## Data for review:
++++++++

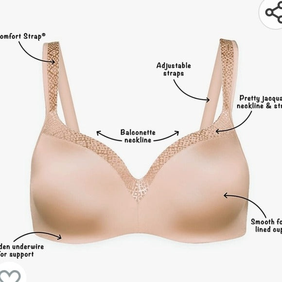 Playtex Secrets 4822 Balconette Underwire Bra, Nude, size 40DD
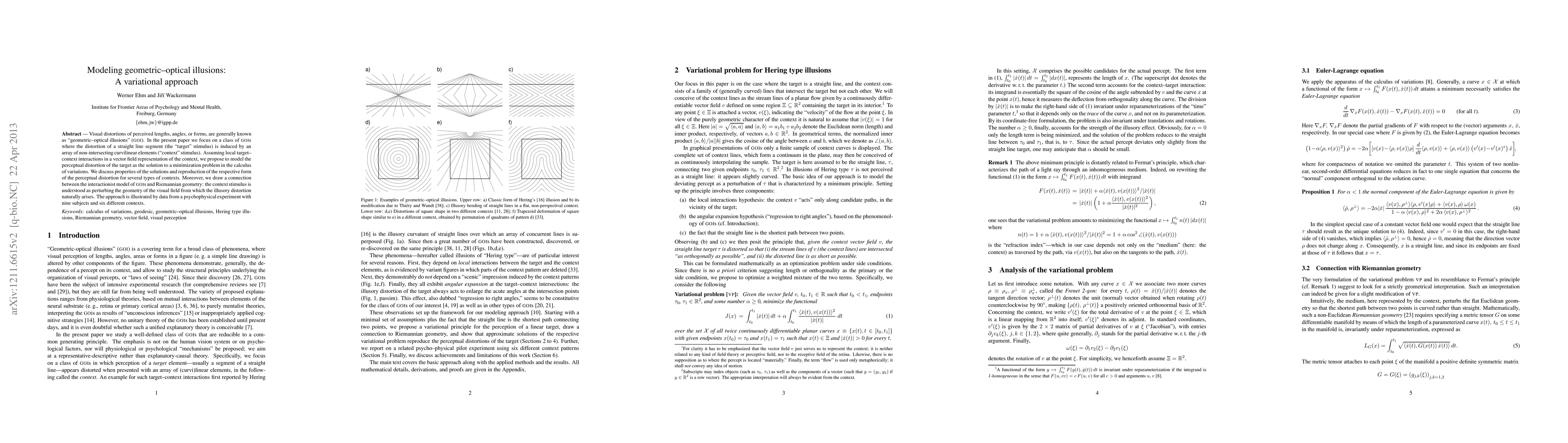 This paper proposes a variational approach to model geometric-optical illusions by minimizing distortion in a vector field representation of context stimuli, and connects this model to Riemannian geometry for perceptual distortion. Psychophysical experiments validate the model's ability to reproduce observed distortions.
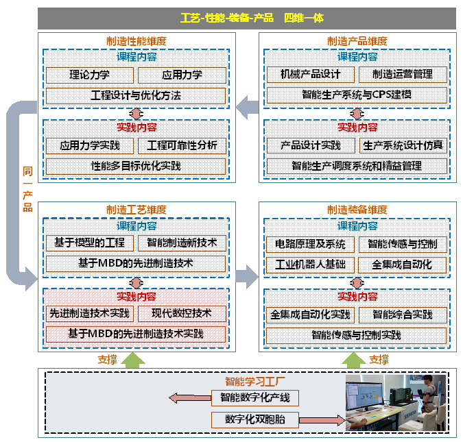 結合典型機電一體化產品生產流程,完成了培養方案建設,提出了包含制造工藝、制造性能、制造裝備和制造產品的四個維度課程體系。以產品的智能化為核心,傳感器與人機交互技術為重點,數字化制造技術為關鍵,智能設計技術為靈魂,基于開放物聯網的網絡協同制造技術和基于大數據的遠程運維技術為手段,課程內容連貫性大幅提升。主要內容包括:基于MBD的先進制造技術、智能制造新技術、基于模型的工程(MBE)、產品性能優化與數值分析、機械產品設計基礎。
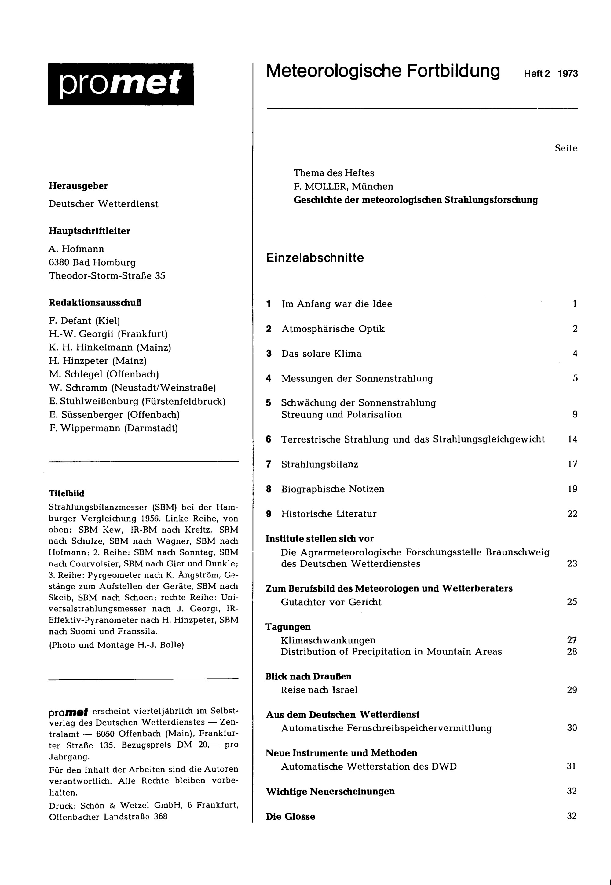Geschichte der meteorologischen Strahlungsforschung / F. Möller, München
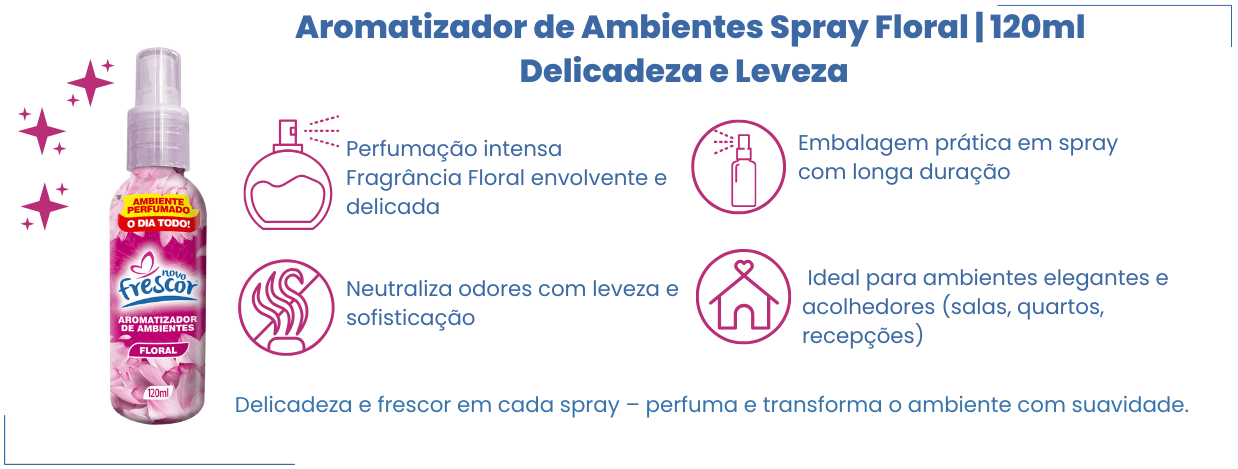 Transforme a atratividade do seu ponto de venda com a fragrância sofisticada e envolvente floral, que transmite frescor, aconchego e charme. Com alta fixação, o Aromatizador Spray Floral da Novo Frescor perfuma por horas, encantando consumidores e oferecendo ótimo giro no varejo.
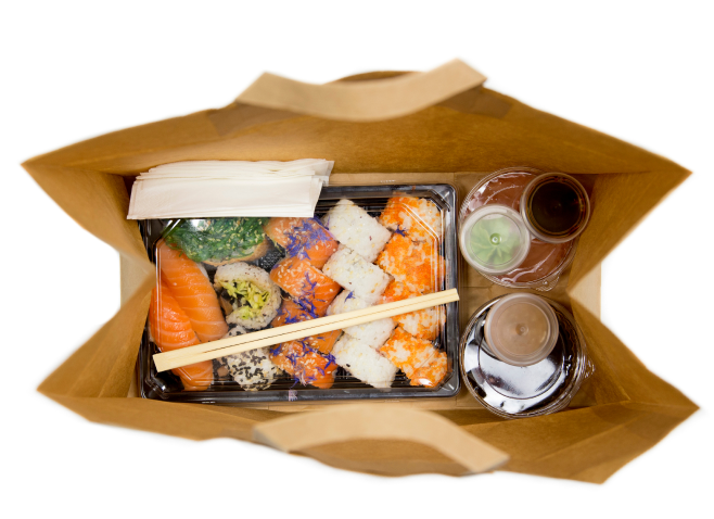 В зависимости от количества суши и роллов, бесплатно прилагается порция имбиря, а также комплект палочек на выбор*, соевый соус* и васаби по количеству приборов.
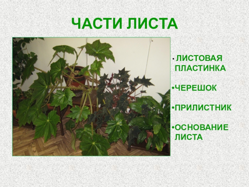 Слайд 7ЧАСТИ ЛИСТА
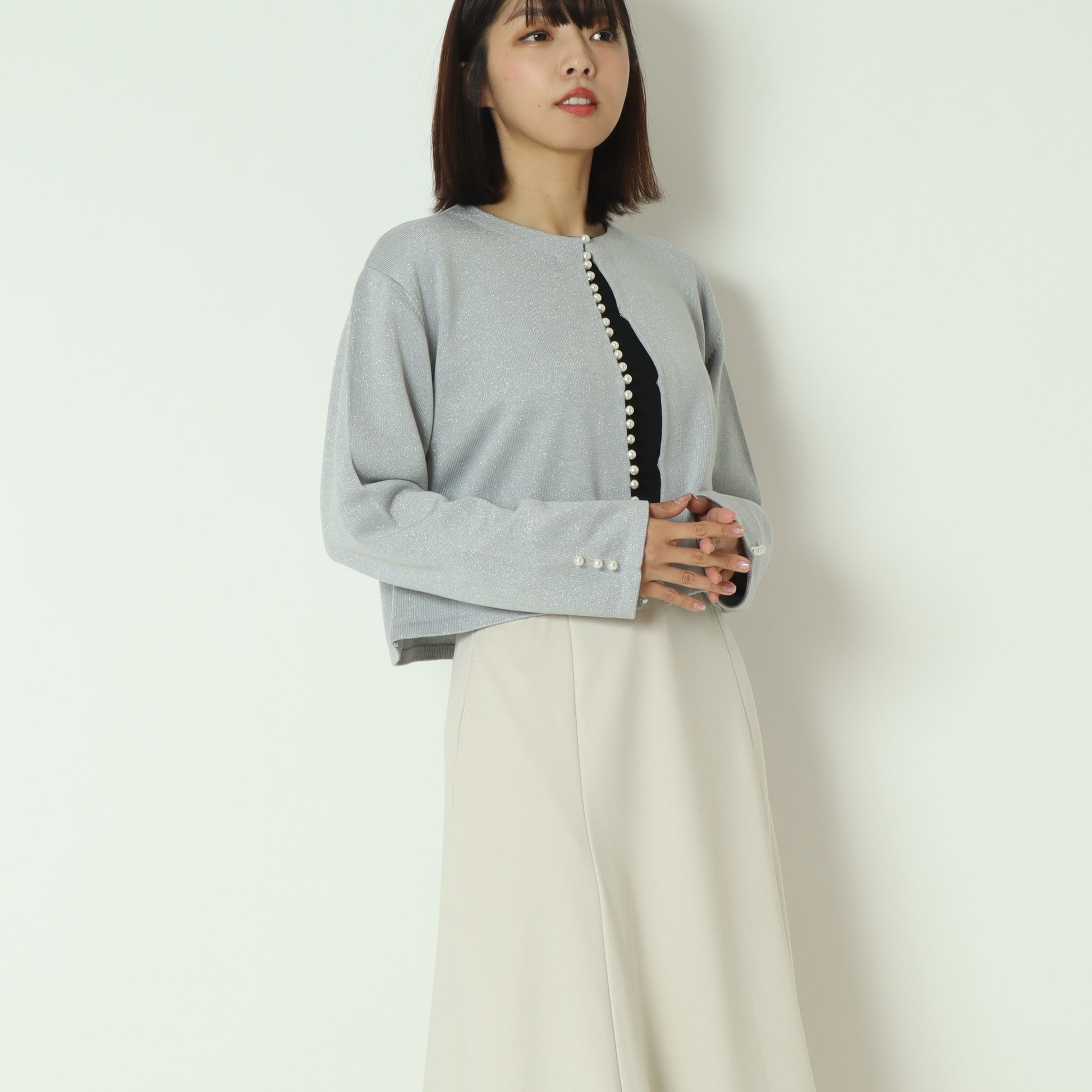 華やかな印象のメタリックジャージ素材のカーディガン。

++++++++

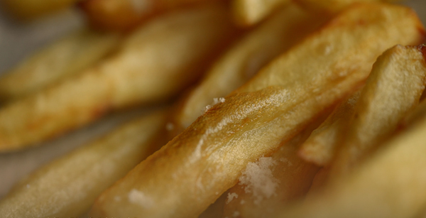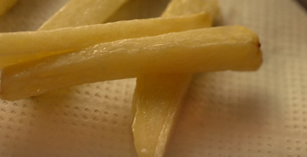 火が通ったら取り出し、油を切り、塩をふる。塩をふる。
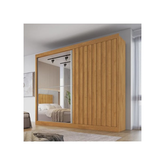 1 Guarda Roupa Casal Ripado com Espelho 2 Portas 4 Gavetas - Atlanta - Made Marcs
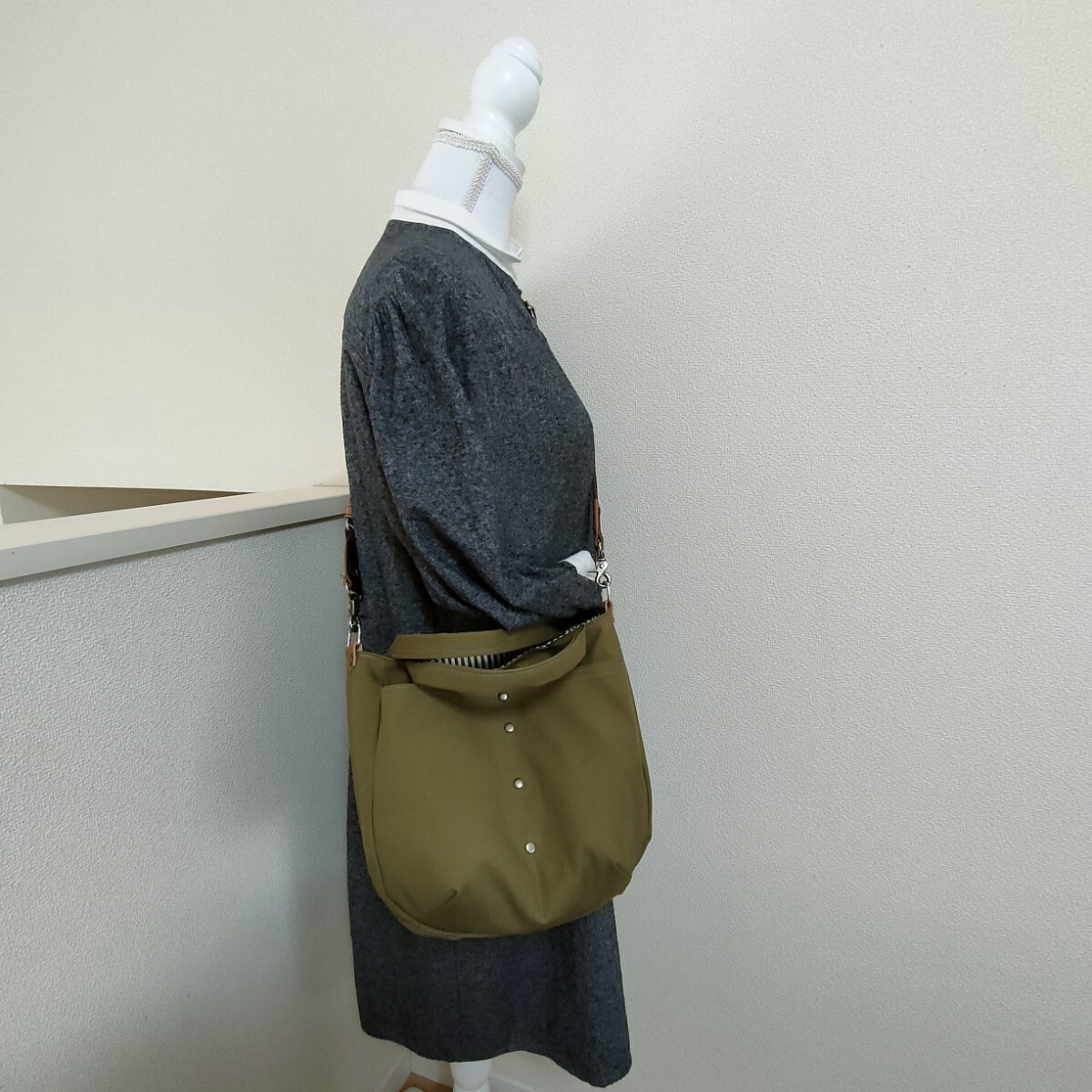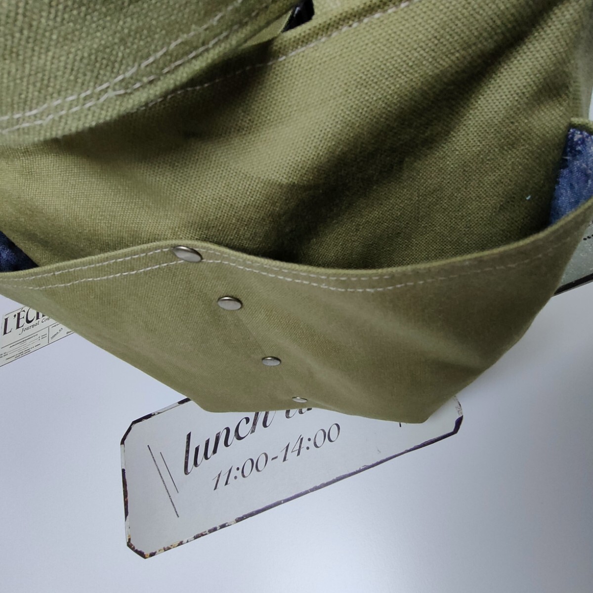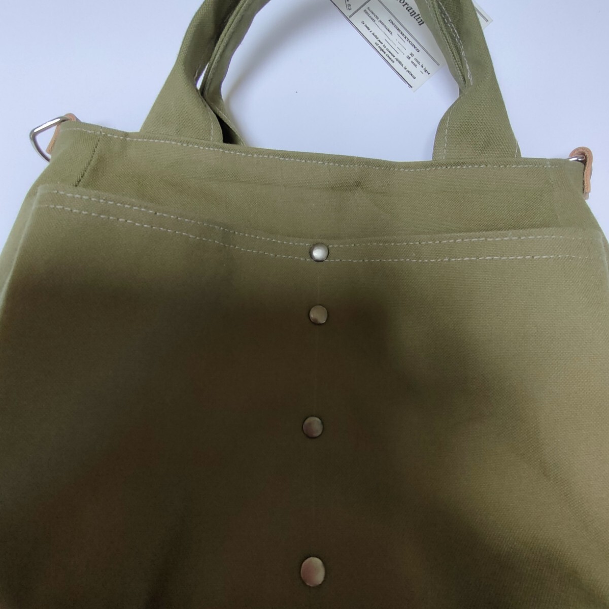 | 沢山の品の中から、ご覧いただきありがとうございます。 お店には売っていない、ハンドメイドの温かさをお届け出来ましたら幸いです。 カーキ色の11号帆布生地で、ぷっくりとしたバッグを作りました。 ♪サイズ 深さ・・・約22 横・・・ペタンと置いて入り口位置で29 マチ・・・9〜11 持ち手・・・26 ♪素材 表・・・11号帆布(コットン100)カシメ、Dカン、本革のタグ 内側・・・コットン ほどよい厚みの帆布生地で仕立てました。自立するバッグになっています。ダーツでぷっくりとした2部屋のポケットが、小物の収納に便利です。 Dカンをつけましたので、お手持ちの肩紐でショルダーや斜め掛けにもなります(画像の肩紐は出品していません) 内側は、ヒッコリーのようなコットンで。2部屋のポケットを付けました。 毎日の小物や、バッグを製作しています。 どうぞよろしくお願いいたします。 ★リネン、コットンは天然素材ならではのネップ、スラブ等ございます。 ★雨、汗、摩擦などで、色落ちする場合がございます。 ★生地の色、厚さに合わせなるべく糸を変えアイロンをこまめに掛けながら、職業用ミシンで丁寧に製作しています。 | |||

++++++++

## Directions for this task:
When copying from the data above, print only the lines from the line containing "結合典型機電一體化產品生產流" to the line containing "Geschichte der meteorologischen", exactly, and leave the pictures out.

## Solution to this exercise:
 結合典型機電一體化產品生產流程,完成了培養方案建設,提出了包含制造工藝、制造性能、制造裝備和制造產品的四個維度課程體系。以產品的智能化為核心,傳感器與人機交互技術為重點,數字化制造技術為關鍵,智能設計技術為靈魂,基于開放物聯網的網絡協同制造技術和基于大數據的遠程運維技術為手段,課程內容連貫性大幅提升。主要內容包括:基于MBD的先進制造技術、智能制造新技術、基于模型的工程(MBE)、產品性能優化與數值分析、機械產品設計基礎。
Geschichte der meteorologischen Strahlungsforschung / F. Möller, München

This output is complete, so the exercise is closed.